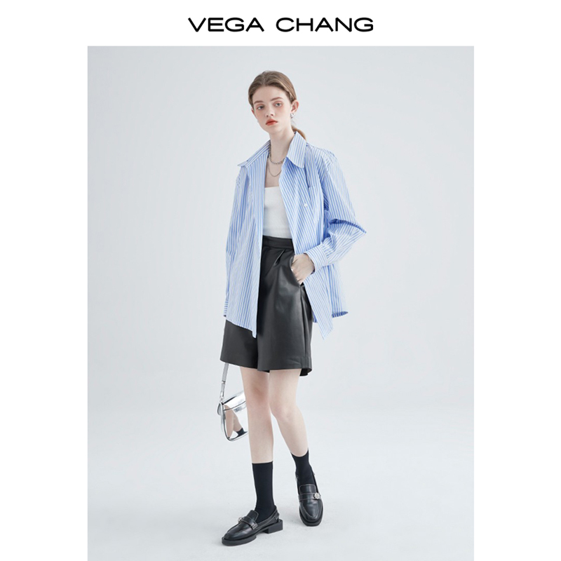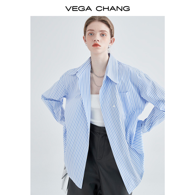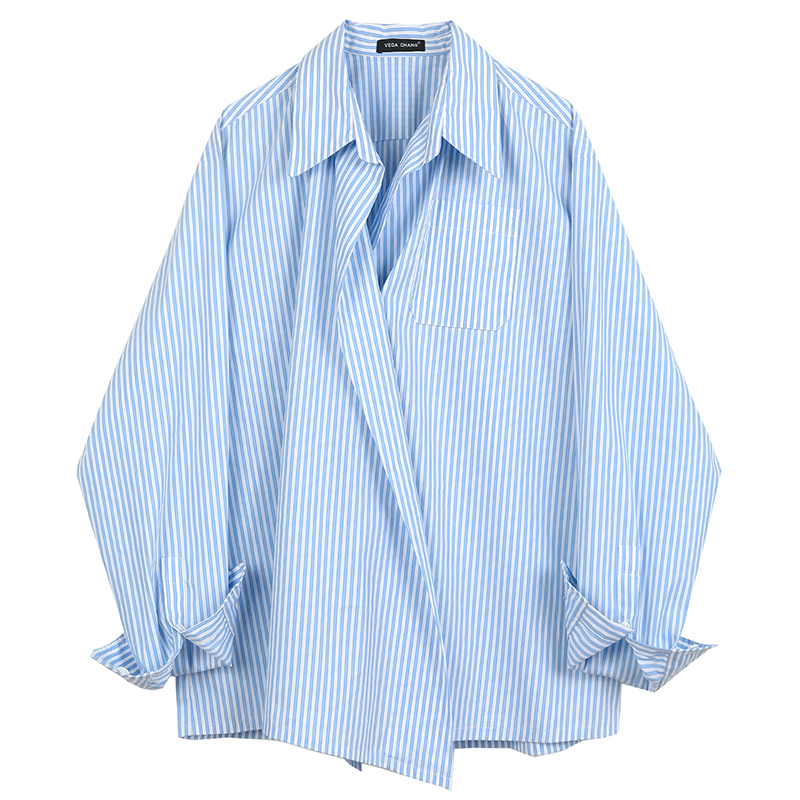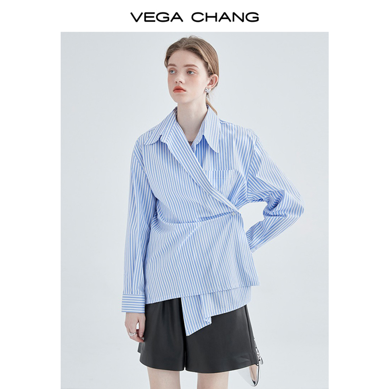 VEGA CHANG blue striped shirt women's design sense niche irregular loose top autumn 2022 new model
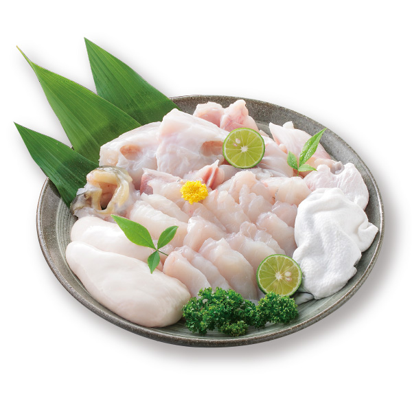 白子持ち養殖とらふぐ切身・アラ・身皮、豆腐、白菜、
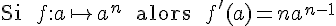 Quelle est la bonne réponse ? et y a t'il une formule particulière pour calculer la dérivée de a^n ? Merci
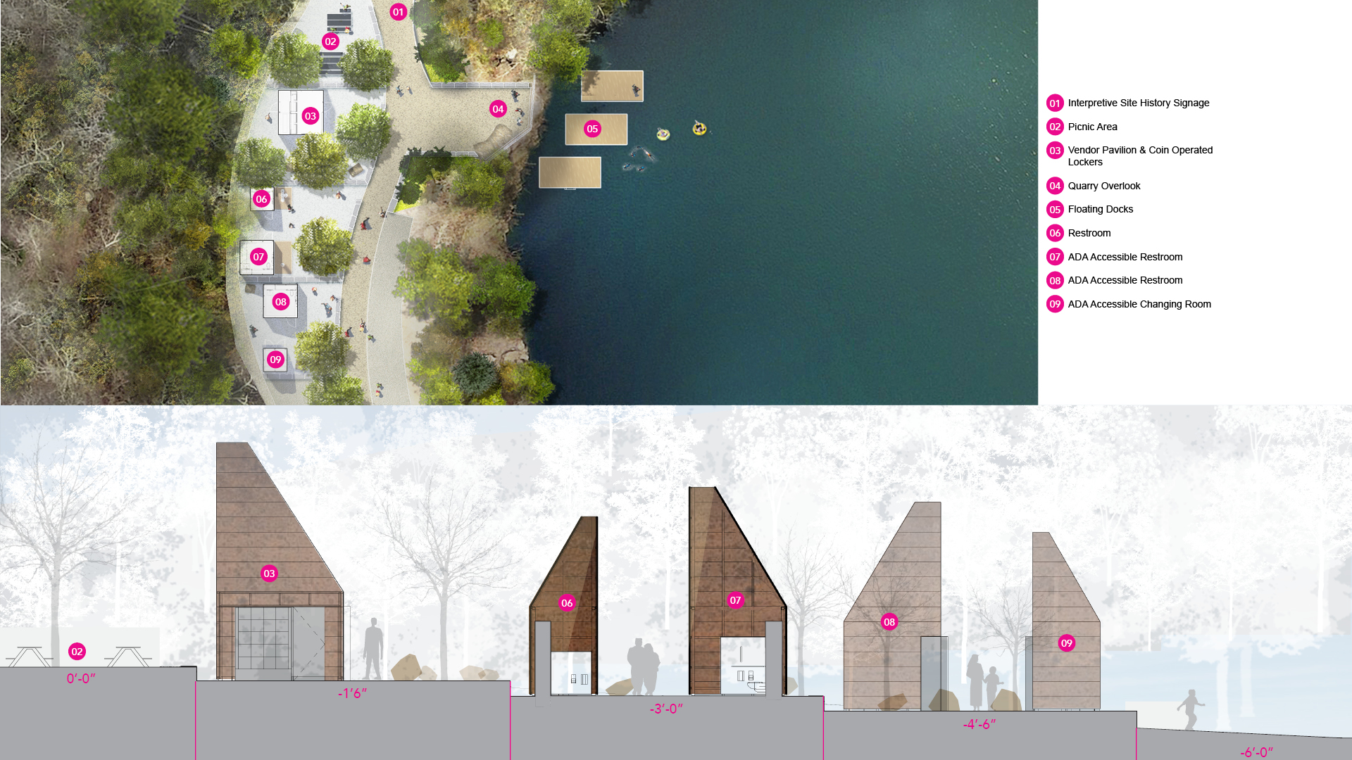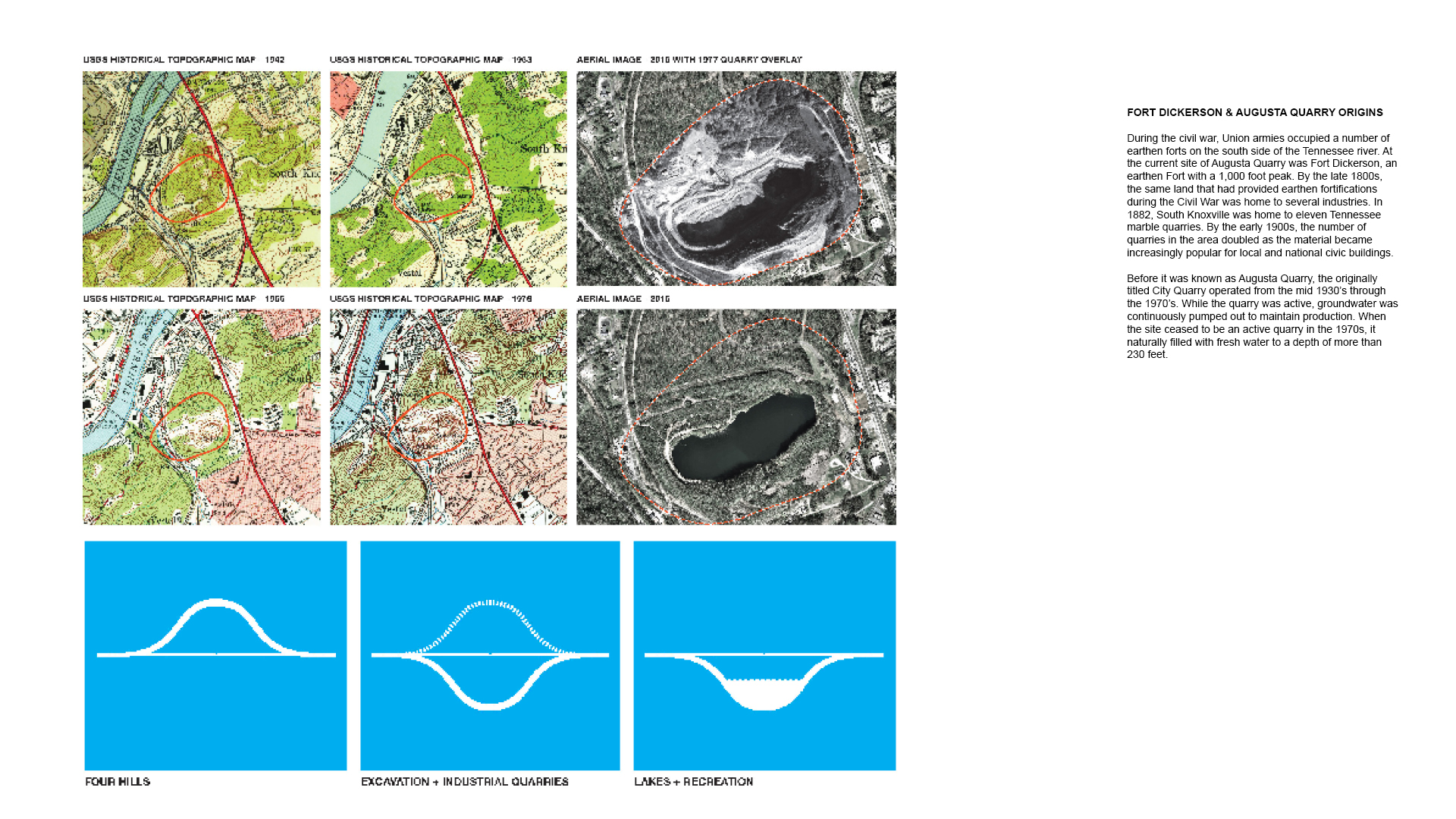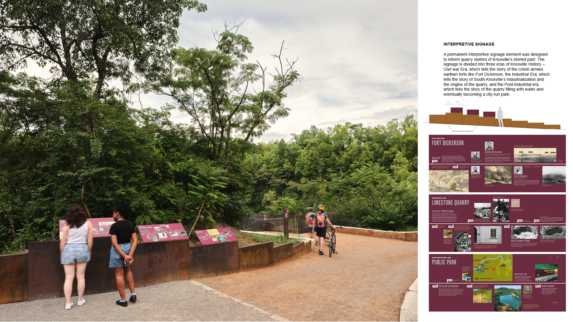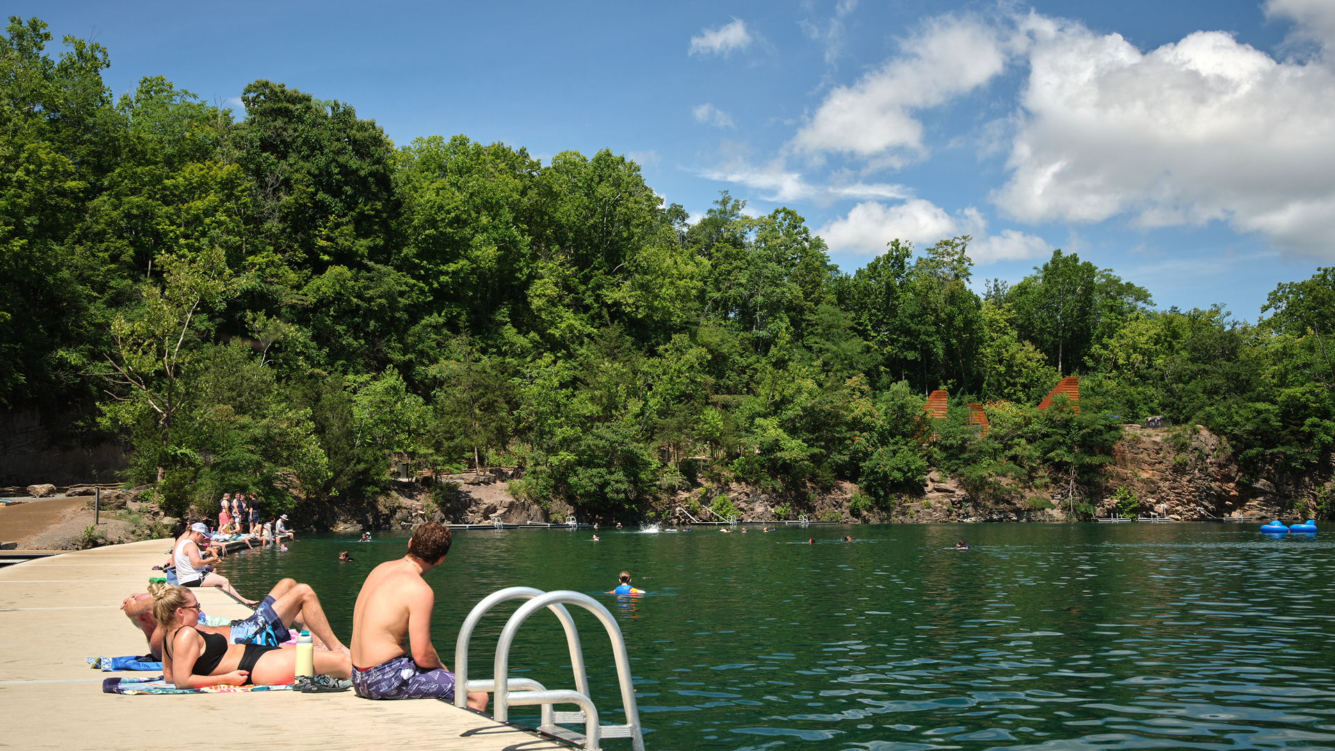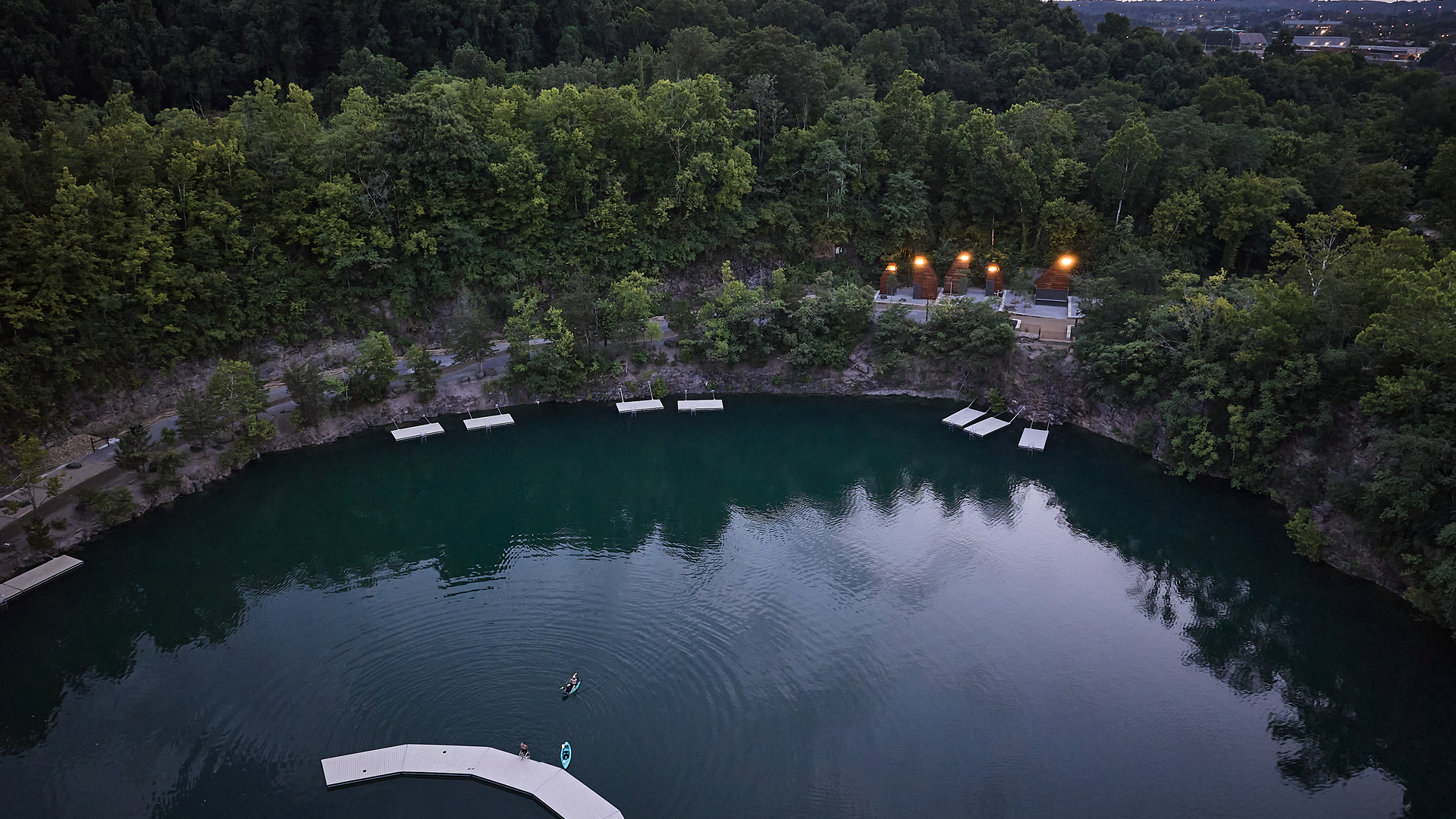 In 2016 a multi-disciplinary team led by Sanders Pace Architecture was commissioned to create a comprehensive framework for the future development of a collection of significant cultural and historical sites located just two miles from downtown Knoxville. Working closely with the City of Knoxville, the team proposed Battlefield Loop, a network of recreational assets expanding Knoxville’s “Urban Wilderness” to incorporate a number of industrial relics that are foundational to the city’s early role as a manufacturing leader in the post-civil war New South. As a catalyst project for Battlefield Loop, Augusta Quarry re-positions an abandoned industrial site at the base of historic Fort Dickerson as a public aquatic destination. The quarry, which was founded as the City Quarry in 1950 and then abandoned in the late 1970’s, is now a City-operated crystal-blue swimming hole and a civic staple for Knoxville’s hot summer months. The project program introduced recreational amenities to the park including a vendor kiosk, restrooms and a series of intimate changing rooms near the quarry’s entry. New site circulation includes paths that connect the amenity structures to quarry overlooks and a network of floating docks that host and animate various scales of gathering, recreation and leisure. Architecture and Landscape design are grounded in sustainable strategies that engage the site and visitors through a light touch, allowing the natural beauty of the quarry and civic life to remain a primary focus.
================================
## PROBLEM REQUIREMENTS
Full transcription of the material, exact in every line, without images.

## SOLUTION TO THIS TASK
 VEGA CHANG blue striped shirt women's design sense niche irregular loose top autumn 2022 new model
 白子持ち養殖とらふぐ切身・アラ・身皮、豆腐、白菜、
 Quelle est la bonne réponse ? et y a t'il une formule particulière pour calculer la dérivée de a^n ? Merci
 In 2016 a multi-disciplinary team led by Sanders Pace Architecture was commissioned to create a comprehensive framework for the future development of a collection of significant cultural and historical sites located just two miles from downtown Knoxville. Working closely with the City of Knoxville, the team proposed Battlefield Loop, a network of recreational assets expanding Knoxville’s “Urban Wilderness” to incorporate a number of industrial relics that are foundational to the city’s early role as a manufacturing leader in the post-civil war New South. As a catalyst project for Battlefield Loop, Augusta Quarry re-positions an abandoned industrial site at the base of historic Fort Dickerson as a public aquatic destination. The quarry, which was founded as the City Quarry in 1950 and then abandoned in the late 1970’s, is now a City-operated crystal-blue swimming hole and a civic staple for Knoxville’s hot summer months. The project program introduced recreational amenities to the park including a vendor kiosk, restrooms and a series of intimate changing rooms near the quarry’s entry. New site circulation includes paths that connect the amenity structures to quarry overlooks and a network of floating docks that host and animate various scales of gathering, recreation and leisure. Architecture and Landscape design are grounded in sustainable strategies that engage the site and visitors through a light touch, allowing the natural beauty of the quarry and civic life to remain a primary focus.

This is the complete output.